Coincidently, the project's museum-style interior design experience might come in handy again soon: Back on campus, the Marjorie Barrick Museum is in line for a major makeover, and Dorgan was recently named to its board.
Meantime, Koep plans to establish an advisory board "to put down guidelines to what projects we will accept," and once the Downtown Design Center gets a foothold in the redevelopment process and the economy begins to recover, many of those projects are bound to be downtown. One thing is for sure, the program will keep the classroom and real world in a healthy balance. Some university design centers have become almost profit-driven. UNLV's version will strive to be a "self-sustaining" (possibly charging fees to cover expenses) but not-for-profit community resource that uses education as its guiding light.

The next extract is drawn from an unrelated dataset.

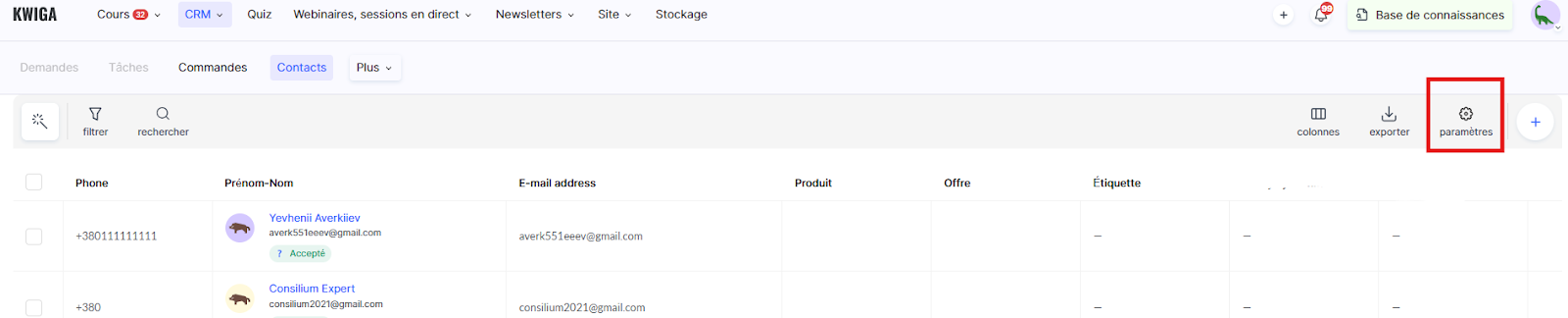 - Ajout de contacts depuis Google Forms et Google Sheets vers le CRM Kwiga
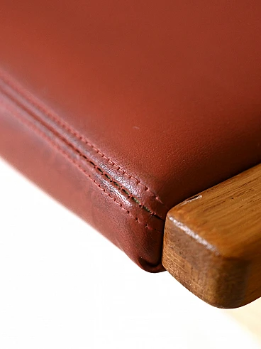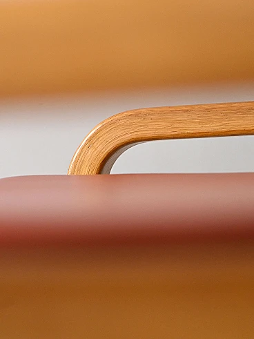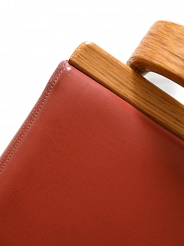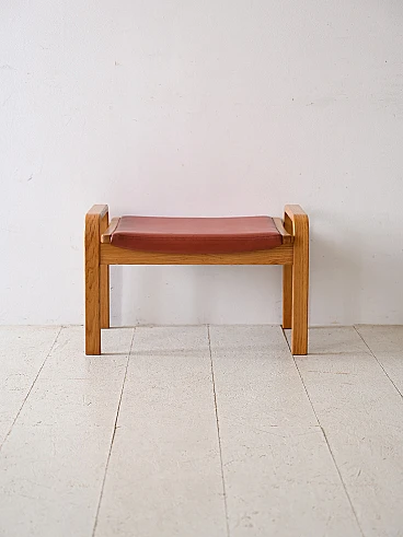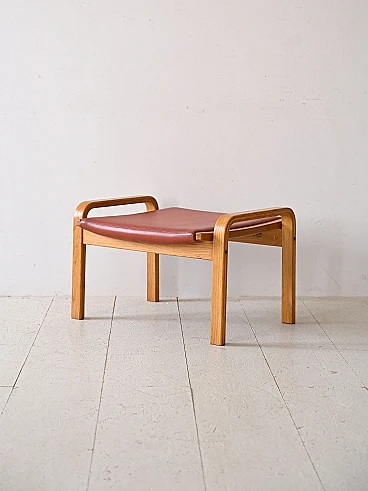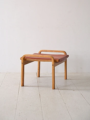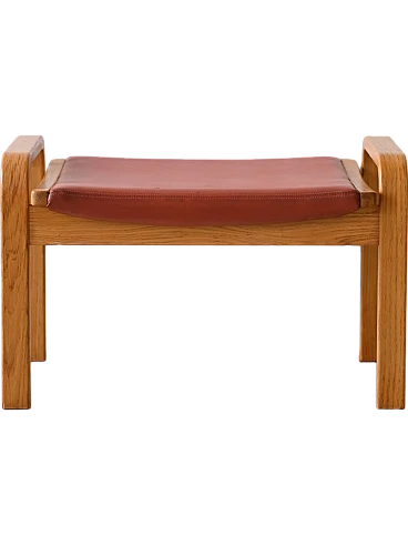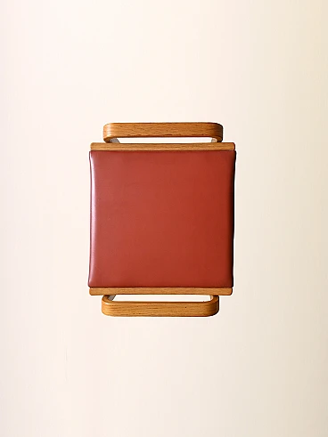 This elegant Scandinavian footstool perfectly combines the natural beauty of oak wood with the softness of tan imitation leather. The structure, made of laminated oak wood, features soft and organic lines, typical of the Scandinavian style, giving a refined and contemporary appearance.

"We don't want to be so tied economically to having to have projects that we can't do what a university does," Koep says. "We should be able to take some chances to think out of the box. On the other hand, we want to have realistic projects -- projects such as Nellis -- to be part of what our students are working on."
This new balance already has made a difference for at least one student.
"I had no idea I'd be doing something like this," Strahan says. "Through the course of working on Nellis and the semester working downtown, it's resonated with me that architecture is what I want to do with my life. I feel like we had a real impact."